On 2012-06-22 at 06:49 -0400, Pamela Lynn Howell wrote:
> Client took the Xenix box to his Windows hardware vendor (they rent desktop
> PCs from this guy for the office workers).
> The vendor claims there is "nothing on this system."

Bear in mind that with a different partition type, unrecognised by
Windows, someone using a Windows GUI might well just see an unrecognised
partition as disabled / unavailable and interpret it as "nothing on this
system", because in their world, there's not anything.  Nothing
particular to Windows there, except for its propensity to *only*
recognise a very limited set of partition and filesystem types.

First step should be to figure out what's meant by "nothing".  Is it
that a "dd" from the disk contains nothing but zeroes?

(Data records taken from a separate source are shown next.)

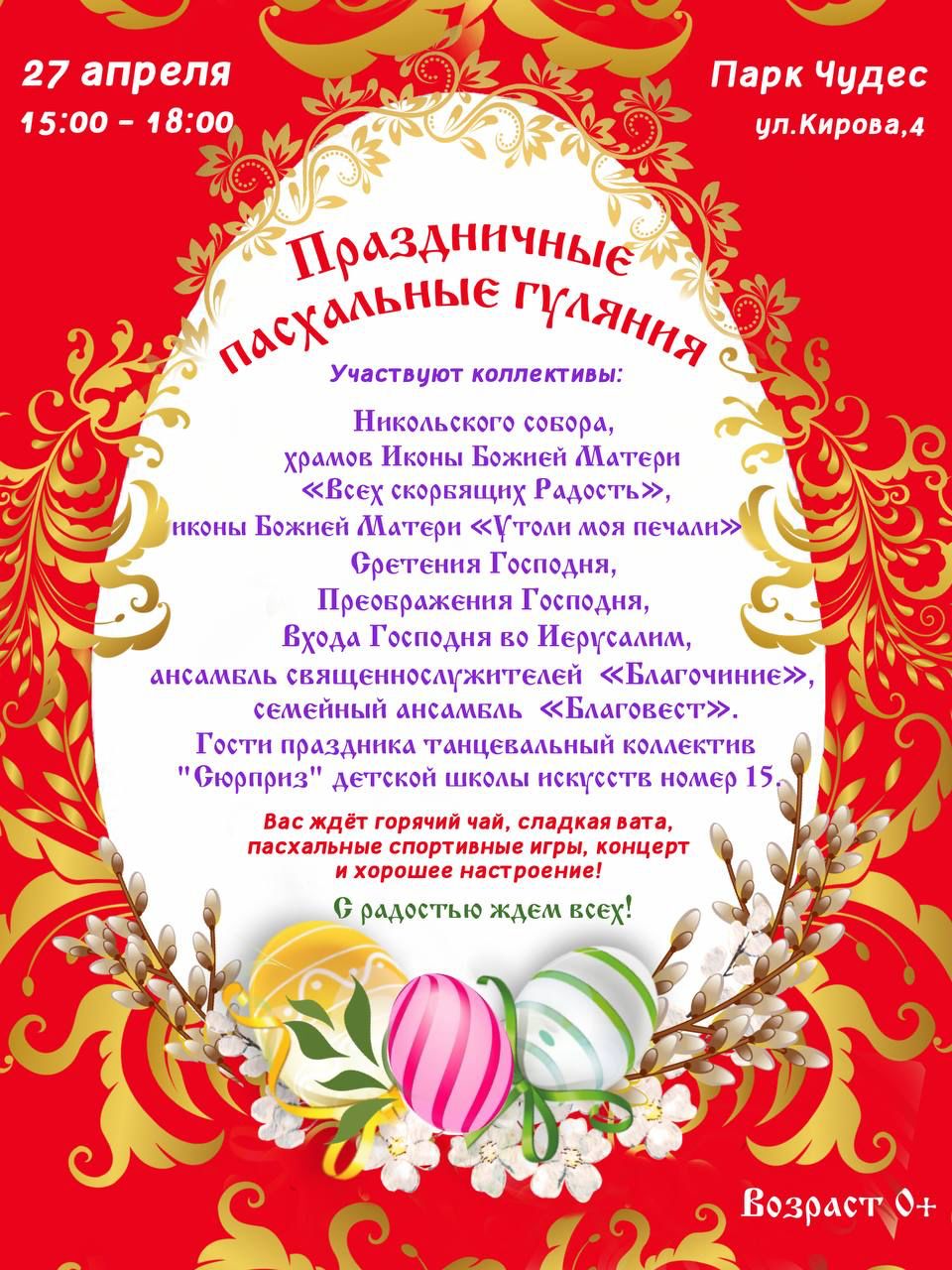 С радостью приглашаем всех на Праздничное Пасхальное гуляние, которое состоятся 27 апреля с 15:00 до 18:00 в воскресенье Светлой Седмицы в Кемеровском «Парке чудес»!
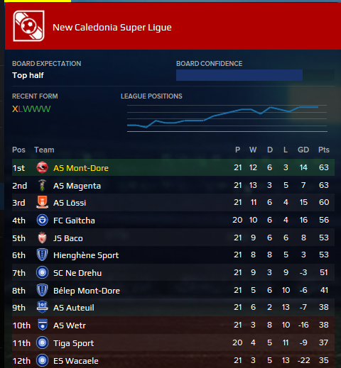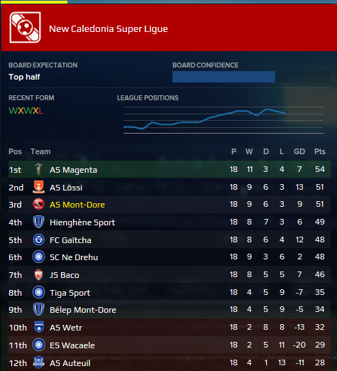 Despite drawing rival AS Belep it was a very successful full month of matches for manager Kévin Gauthier. During this time his club seemed to be at a pace that has not been seen in some time. During the month the club would win four out of the five league matches. The only blemish came against Belep in a disappointing 1-1 draw. The key match to the month came against AS Magenta at the start of the month as our club would win 3-0.
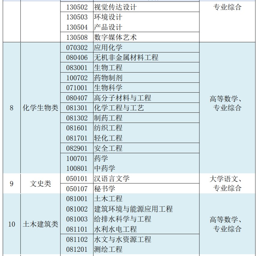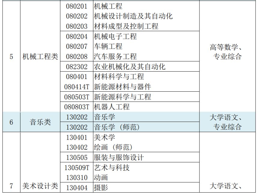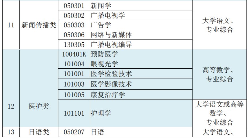 各专业大类考试科目参见以下表格。选考日语语种的非日语专业考生可以按照日语专业考试成绩计分办法执行,但这类考生不得报考高校在招生计划中注明仅招收英语语种的专业。
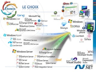 Le document présente un forum sur les solutions cloud de Microsoft, notamment Windows Azure et Office 365, ainsi que les défis rencontrés par les entreprises en matière de déploiement des services informatiques. Il souligne l'importance de l'agilité, de la réduction des coûts et de l'innovation dans les infrastructures informatiques. Plusieurs ressources et sessions de présentation sont mentionnées pour approfondir la connaissance de ces solutions cloud.
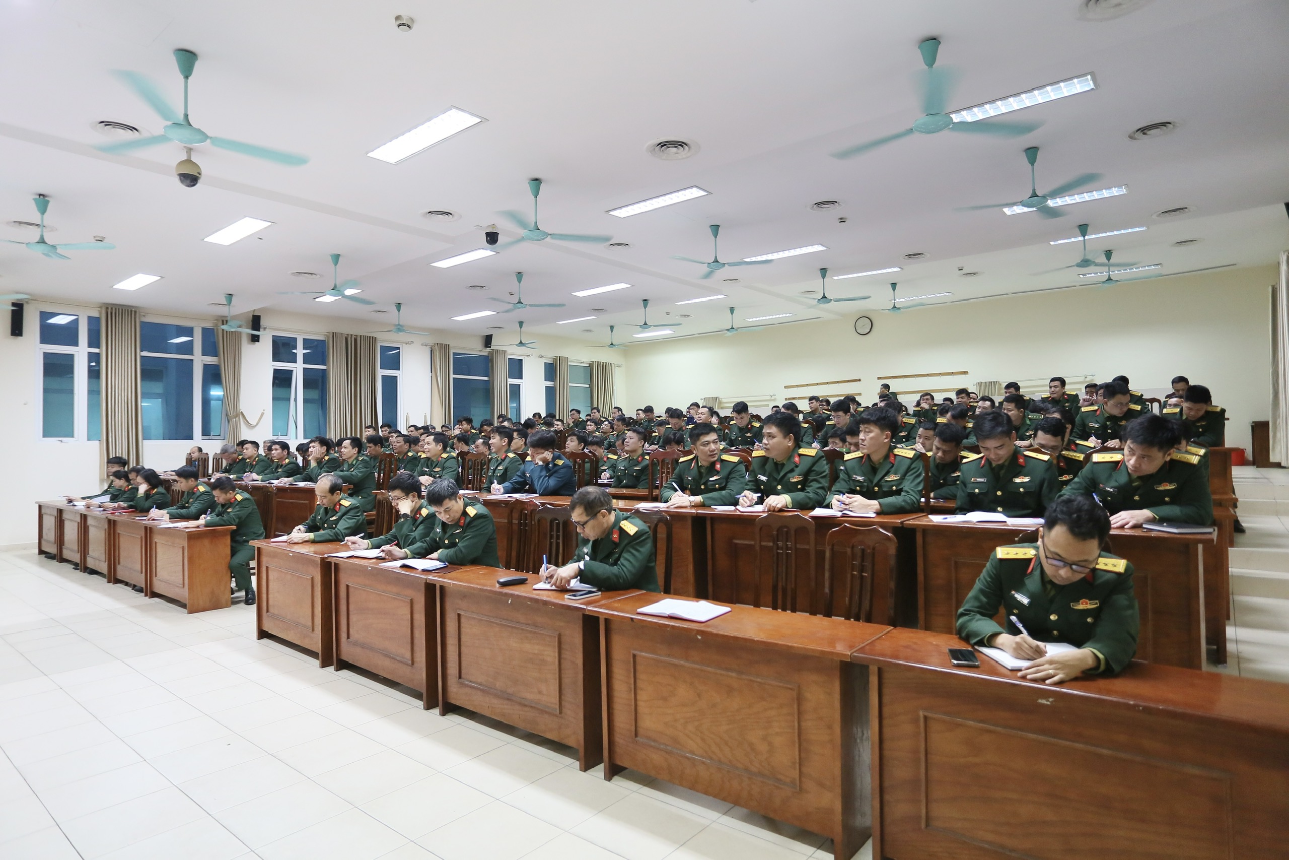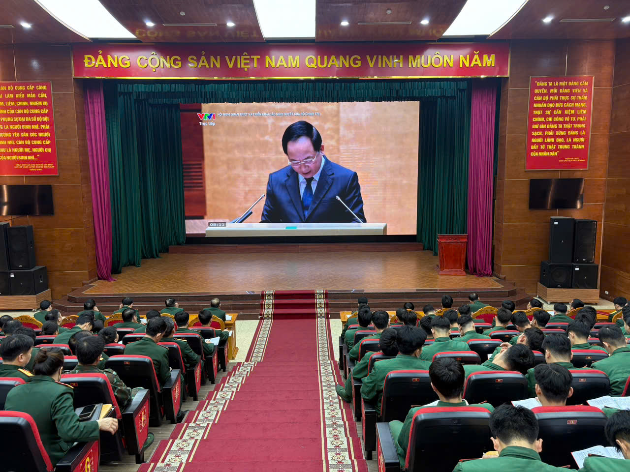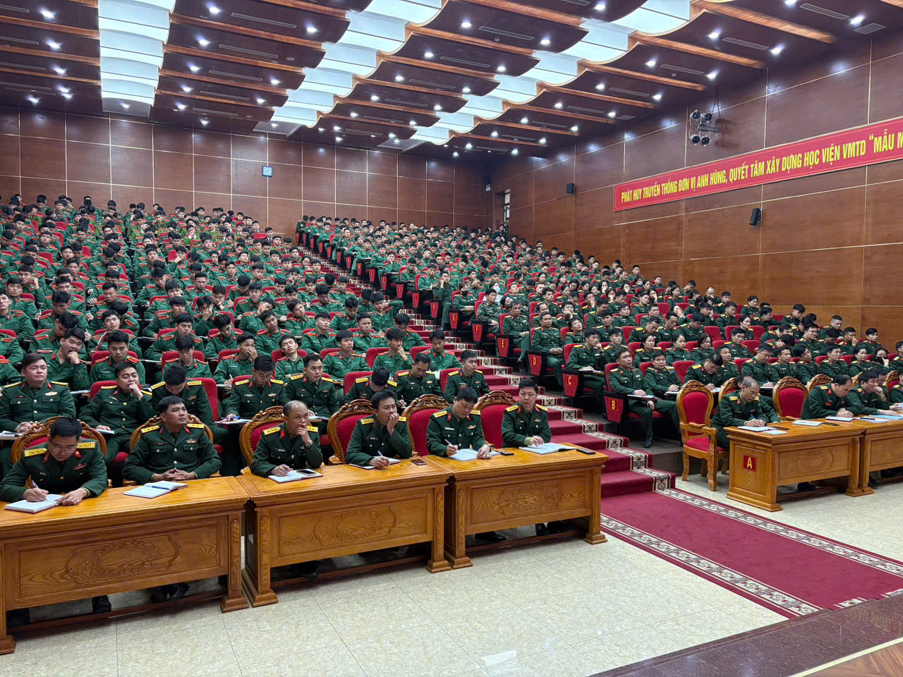 Tại điểm cầu Học viện Hậu cần, các đại biểu chăm chú theo dõi, ghi chép, nắm vững những nội dung cốt lõi, nhất là các nhiệm vụ xây dựng con người Việt Nam thời kỳ mới gắn với triển khai đồng bộ hệ giá trị văn hóa, hệ giá trị quốc gia, hệ giá trị gia đình; đồng thời quán triệt sâu sắc yêu cầu nâng cao hiệu quả quản lý, sử dụng nguồn lực, phát huy vai trò của kinh tế Nhà nước trong điều kiện mới.

If there's data there, and it can be recovered, then the consultant
probably did not do anything nefarious.  After all, they know that their
reputation affects their ability to get work and that they're about to
need more customers.  More likely is just some minor corruption of the
storage -- disks fail.

If the data is zeroed (and the consultant is a moron), then be careful
to not read repeatedly.  Many operations can become write operations
unexpectedly, and you're going to want platter-level forensics to deal
with the fact that no single write ever gets _all_ of the data.  There's
a reason that secure deletion standards involve multiple passes, of data
in various patterns, including random.  If you're lucky, the alleged
perpetrator did not use something like "shred".